Member of the Texas House of Representatives from the 43rd district
- In office January 14, 2003 – March 18, 2003
- Preceded by: Tracy Ogden King
- Succeeded by: Juan Manuel Escobar

Member of the Texas House of Representatives from the 35th district
- In office January 12, 1993 – January 14, 2003
- Preceded by: Eddie Cavazos
- Succeeded by: Gabi Canales (Redistricting)

Member of the Texas House of Representatives from the 37th district
- In office January 11, 1983 – January 12, 1993
- Preceded by: Wilhelmina Ruth Delco
- Succeeded by: René Orlando Oliveira (Redistricting)

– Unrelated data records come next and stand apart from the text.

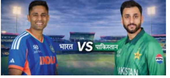
ଠାରେ ଭେଟାଭେଟି ହୋଇଥିବା ବେଳେ ଏଥିମଧ୍ୟରୁ ଭାରତ ଓ ପାକିସ୍ତାନ ମୋଟ ଦୁଇଟି ଟାଇଟଲ୍ ହାସଲ କରିଛନ୍ତି ।

■ କଲମ୍ବୋ, ୧୪/୨ (ଏକେନି): ଶ୍ରୀଲଙ୍କାରେ କଲମ୍ବୋସ୍ଥିତ ରଣସିଂହେ ପ୍ରୋମୋସନ୍ସ ଷ୍ଟାଡିୟମରେ ୨୦୨୬ ଟି-୨୦ ବିଶ୍ୱକପ୍ରେ ମହାମୁକାବିଲା ଭାରତ ଓ ପାକିସ୍ତାନ ମଧ୍ୟରେ ଆସନ୍ତାକାଲି ଅନୁଷ୍ଠିତ ହେବ । ଗୁପ୍ତ-ଏରେ ଖେଳାୟିତାକୁ ଥିବା ଏହି ଗୁରୁତ୍ୱପୂର୍ଣ୍ଣ ମୁକାବିଲା ପୂର୍ବରୁ ଉଭୟ ଦଳ ୨ଟି ଲେଖାଏଁ ମ୍ୟାଚ୍ ଜିତି ମହାଲକ୍ଷ୍ମେ ଲାଗି ପ୍ରସ୍ତୁତ ହୋଇଯାଇଛନ୍ତି । କଲମ୍ବୋର ମଝର ପଡ଼ରେ ଭାରତର ତାରକା ବ୍ୟାଟର ଓ ପ୍ରଭାବ ବିସ୍ତାର କରିଥିବା ପାକିସ୍ତାନୀ ସ୍ପିନରଙ୍କ ମଧ୍ୟରେ ଜୋରଦାର ଲଢ଼େଇ ହେବାର ସମ୍ଭାବନା ରହିଛି । ଏହି ମ୍ୟାଚ୍ରେ ନେଇ ସାରା ବିଶ୍ୱର କ୍ରୀଡ଼କର୍ତ୍ତା ପ୍ରୋମୋସ୍ତ ମଧ୍ୟରେ ଉତ୍ସାହ ଭରି ରହିଛି । ତେବେ ଏହି ମ୍ୟାଚ୍ରେ ବର୍ଷା ବାଧା ସୃଷ୍ଟି କରିପାରେ ବୋଲି ପାଣିପାଗ ବିଭାଗ ଆକଳନ କରିଛି । ଟି-୨୦ ବିଶ୍ୱକପ୍ରେ ବର୍ତ୍ତମାନ ସୁଦ୍ଧା ଭାରତ ଓ ପାକିସ୍ତାନ ମୋଟ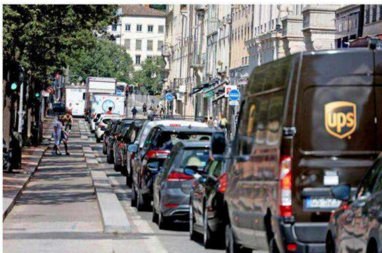
La circulation sur la frange nord de la place Bellecour est constamment paralysée depuis la mise en place de la Zone à trafic limité.

« Notre objectif est de préparer une liste suffisamment exhaustive pour que le nouvel exécutif ait une base de travail », poursuit le responsable, qui convient avoir beaucoup discuté avec les élus de la précédente mandature malgré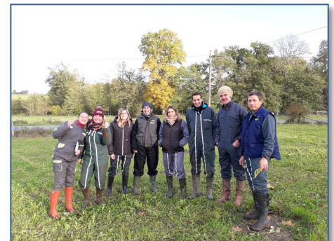
Les 7 stagiaires accompagnés de L Solas, l'un des formateurs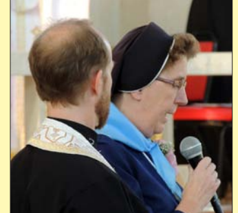
Сестер Служebниць Непорочної Діви Марії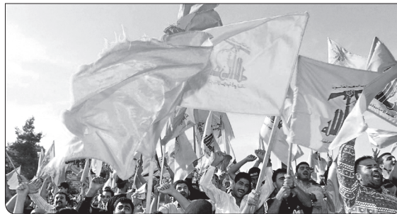
نشده، بلکه آنچنان قوی و مقتدر شد که توانست ارتش اسرائیل را که به صورت افسانه‌های شکست‌ناپذیر میدانستند، شکست بدهد. ● ۸۶/۱۰/۲۳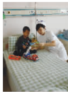
儿童心理护理服务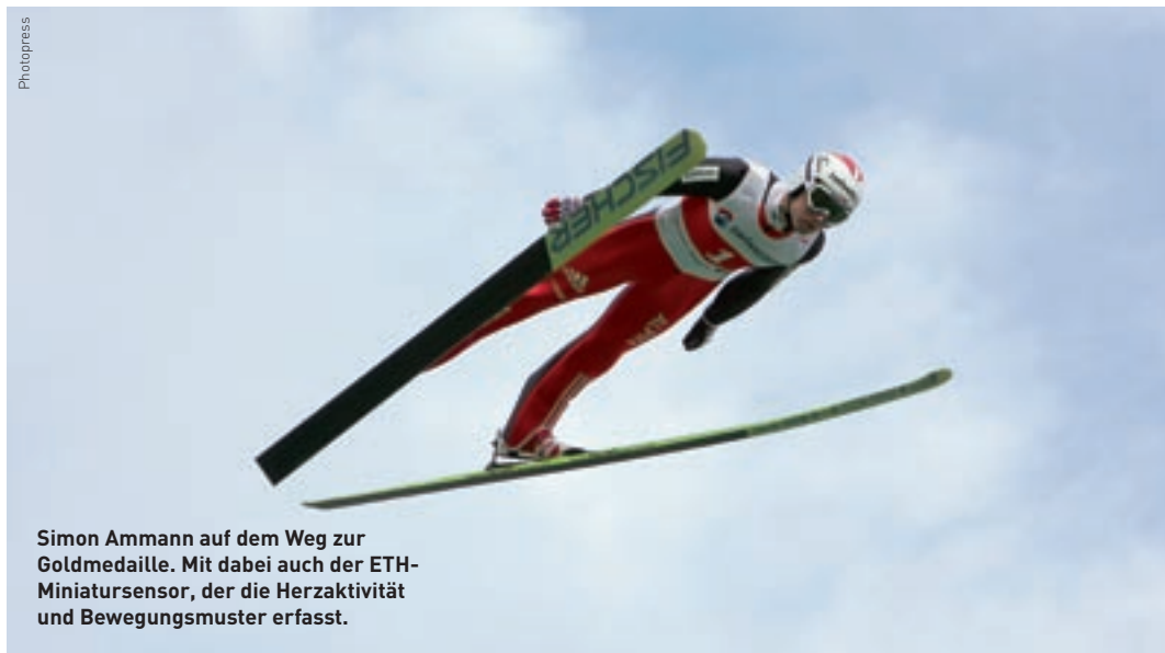
Simon Ammann auf dem Weg zur Goldmedaille. Mit dabei auch der ETH-Miniatursensor, der die Herzaktivität und Bewegungsmuster erfasst.

Die ETH Zürich war buchstäblich hautnah dabei, als Simon Ammann bei den Olympischen Winterspielen in Vancouver zweimal zur Goldmedaille flog: Ein an dessen Körper befestigter Miniatursensor lieferte ETH-Doktoranden wertvolle Informationen über den mentalen Zustand des Skisprung-Königs.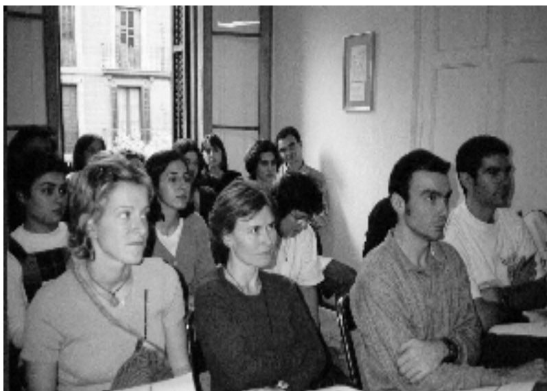
ESCUELA DE PROFESORES en Barcelona

- ESCUELA DE PROFESORES . Es la escuela de formación de Juventud Idente, la cual ofrece programas de formación de ámbito nacional y local.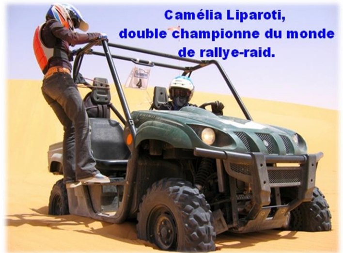
Camélia Liparoti, double championne du monde de rallye-raid.

Jour 4 : mardi Les organismes commencent à être fatigués à force d'escalader et de surfer les dunes et nombreux sont ceux qui font appel à l'ostéopathe de l'organisation pour les remettre d'aplomb. Après un bon massage et un solide petit déjeuner, la fatigue disparaît pour laisser place à l'envie. Le parcours reprend en direction de la Vallée des Merveilles. On remonte sur la gauche un affluent en direction du petit village de Timinit. L'oued est peuplé et les nomades-éleveurs habitent dans de petites cases circulaires adossées aux flancs de la montagne . Sur la gauche de l'oued, un nouvel erg, avec des dizaines de dunes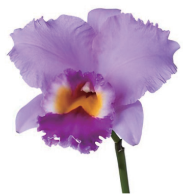
アイリーンフェニーポーラ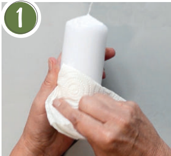
1 Die Kerze mit einem trockenen Küchenkrepp abwischen. Wipe the candle with a dry paper towel.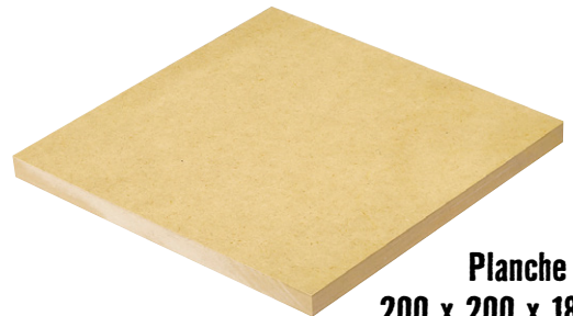
Planche MDF 200 x 200 x 18 mm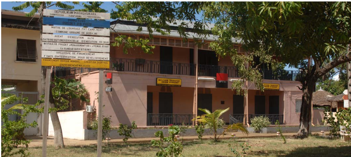
Filiale einer der verschiedenen Banken (oben) und die Post (unten)

Member of the Texas House of Representatives from the 49th district
- In office January 11, 1977 – January 11, 1983
- Preceded by: Greg Montoya
- Succeeded by: Gerald Hill (Redistricting)

Personal details
- Born: May 15, 1931 Starr County, Texas, U.S.
- Died: March 18, 2003 (aged 71) Austin, Texas, U.S.
- Resting place: Texas State Cemetery
- Party: Democratic
- Alma mater: Texas A&M University–Kingsville St. Mary's University Law School
- Occupation: Activist, educator, lawyer

= Irma Lerma Rangel =

American politician

Irma Lerma Rangel (May 15, 1931 - March 18, 2003) was an attorney and Democratic state legislator based in Kingsville, Texas. She was the first Mexican-American woman elected to serve in the Texas House of Representatives and the first Mexican-American female attorney in Kingsville.

==Life==
She was the youngest of three daughters. Her father, Presciliano Martinez Rangel, from Duval County, had been orphaned at an early age and was able to attend school for only one year. Her mother, Herminia Lerma, moved with her parents from Starr County to Kingsville. Presciliano worked in farming, ranching, construction, and business. He became a merchant and owned an appliance store, a furniture store, a plumbing service, two barber shops, and a bar. He helped his wife build a successful dress shop located just off the main street of Kingsville, not restricted to the "Mexican side" of town. In 1947, when Rangel was a teenager, her parents were able to buy some land near Texas College of Arts and Industries and hoped to build a home. But the land was in the "Anglo-white" district and the neighbors organized against allowing a "Mexican" family to build in their neighborhood. Ultimately, the family was allowed to design and build the Spanish Colonial style house across from the college campus that Rangel called home until her dying day. Rangel and her sisters grew up in Kingsville, attending the Mexican Ward School for the elementary grades, and the town's only integrated high school.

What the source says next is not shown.